The Borrower

Year: 1989
Rated: R
Run Time: 97 minutes
Production Company: Warner Home Video
Director: John McNaughton (Henry: Portrait of a Serial Killer)
Starring: Robert Dryer, Rae Dawn Chong, Tom Allard, Fat Alien Dick
T & A: Hell No
Son of A: Bitch

"The Next Head To Explode May Be Your Own"

The Animal! The Animal! Can anything stop (dum dum da dum) THE AN-I-MAL? No buster, nothing can stop THE ANIMAL. Fences? No. Barricades? No. How about the nuclear membrane? Bitch- no chance. It climbs up trees, alone or in threes. It makes a diggity sound. It fucks up ramps and crescent kicks gramps- and will knock your fat ass on the ground. Of course, the one thing the ANIMAL can't do (besides pour itself into that dress.

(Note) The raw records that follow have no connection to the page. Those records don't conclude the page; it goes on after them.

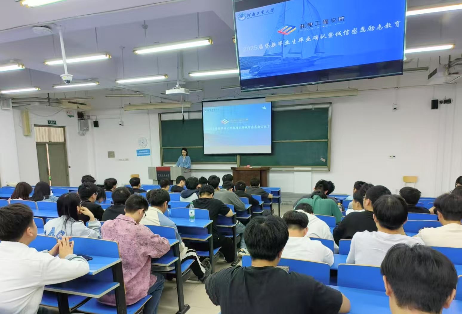 于4月15日在博学楼4121教室组织召开了贷款毕业生毕业确认暨诚信感恩励志教育专题宣讲会。学院资助工作负责人冯晨晨老师及2025届全体贷款毕业生共同参加了此次会议。
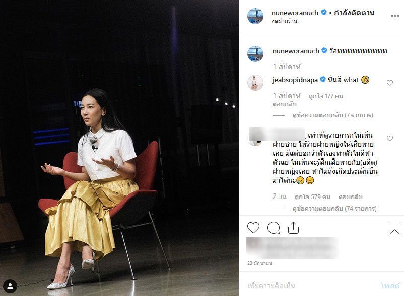 ส่วนที่เป็นประเด็นดราม่าอยู่ตอนนี้ พี่อ้อยเชื่อว่าหลายคนยังไม่ได้ดู แต่พอมีคนเฮไปทางความคิดเห็นนี้ คนก็เลยเฮตาม ตนอยากวอนให้ไปดูก่อน หากได้ดูแล้ว ตนเชื่อว่าต้องเข้าใจเจตนาดีของคุณเขตต์อย่างแน่นอน
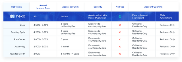 Ganar intereses con NEXO frente a las plataformas alternativas de préstamos
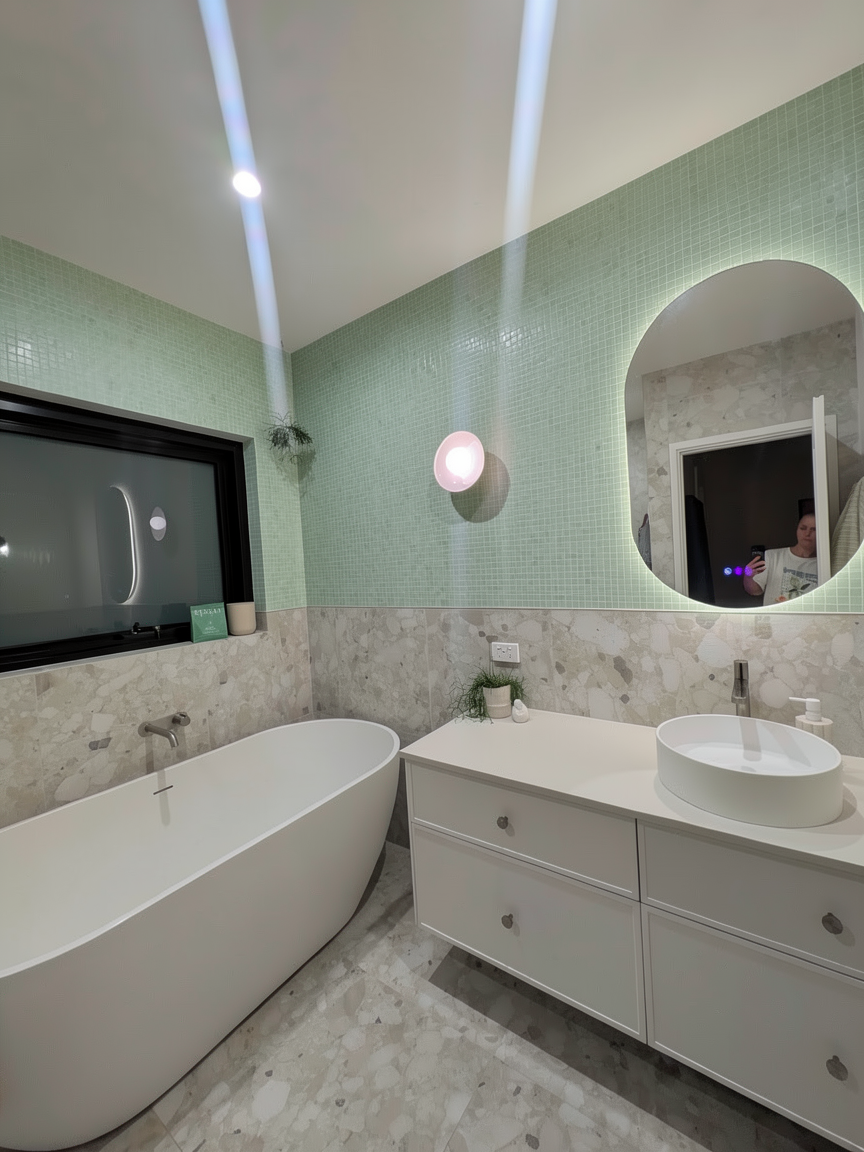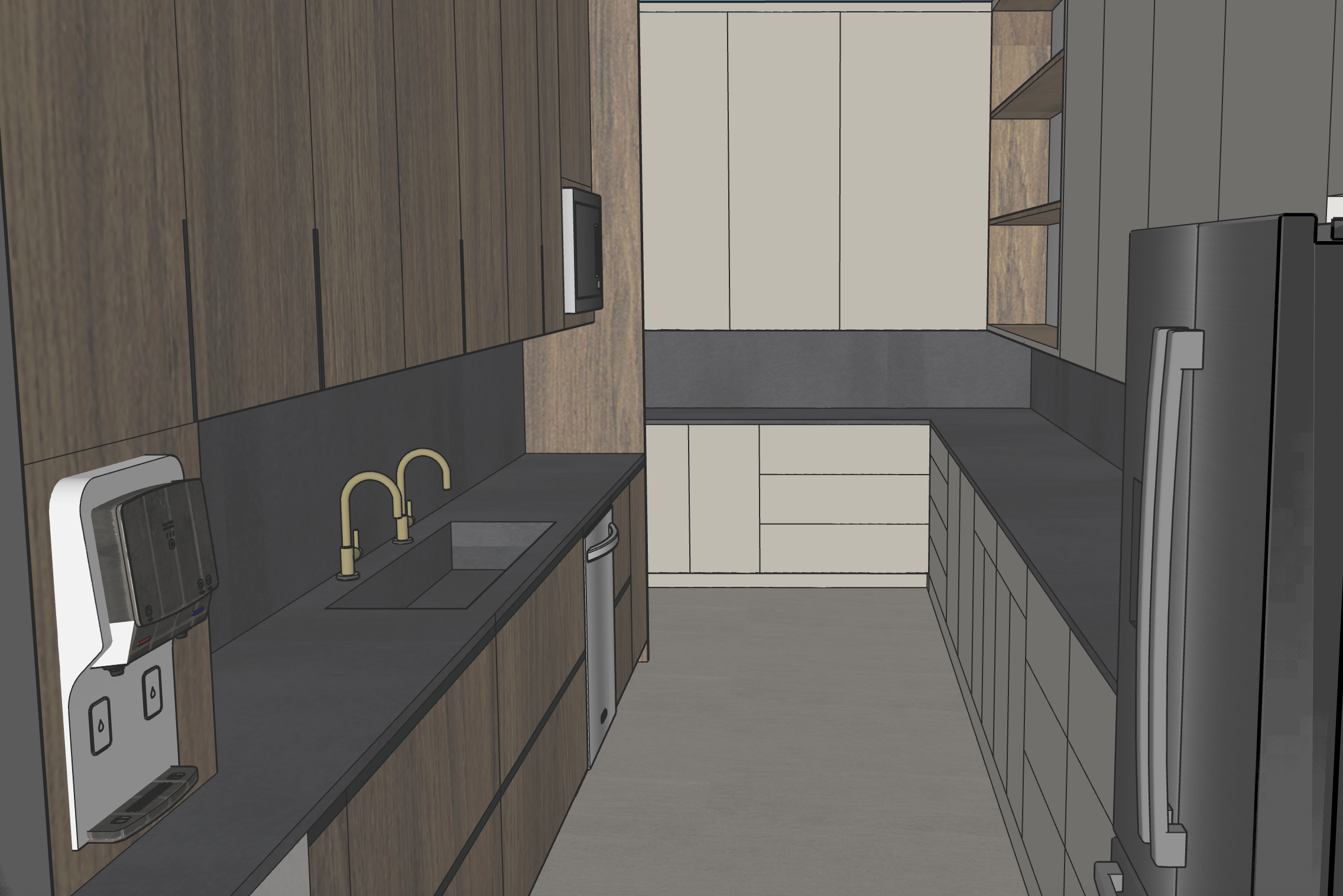 under cabinet lighting throughout make all cabinet to right of photo and back of photo light taupe

Size 6? Jesus!) is make it through the shit stained entirety of THE BORROWER: quite possibly the greatest scandal to rock NOTC headquarters since BROTHER PHIL got his barbed, prehensile love pump lodged in Shamu's delicate blowhole during the Swimsuit Competition. But even those wounds eventually healed: pliable mammalian cartileges mended, milky genital scabs were formed, violated orifices once again pulsed with the ebb and flow of life. If only things could have been the same for THE BORROWER. As it stands (buffalo stance), THE BORROWER delivered unto us a mighty bitchslap from which there was no escape. Although we all tried desperately to spell relief (F-A-R-T): it was too late. Within the short span of 30 minutes, THE BORROWER had run buck wild on our asses: earning itself an undisputed pole position within the confines of THE SHIT LIST and a dishonorable (and pulpy) discharge from the asshole of Pickles the Wonder Mule.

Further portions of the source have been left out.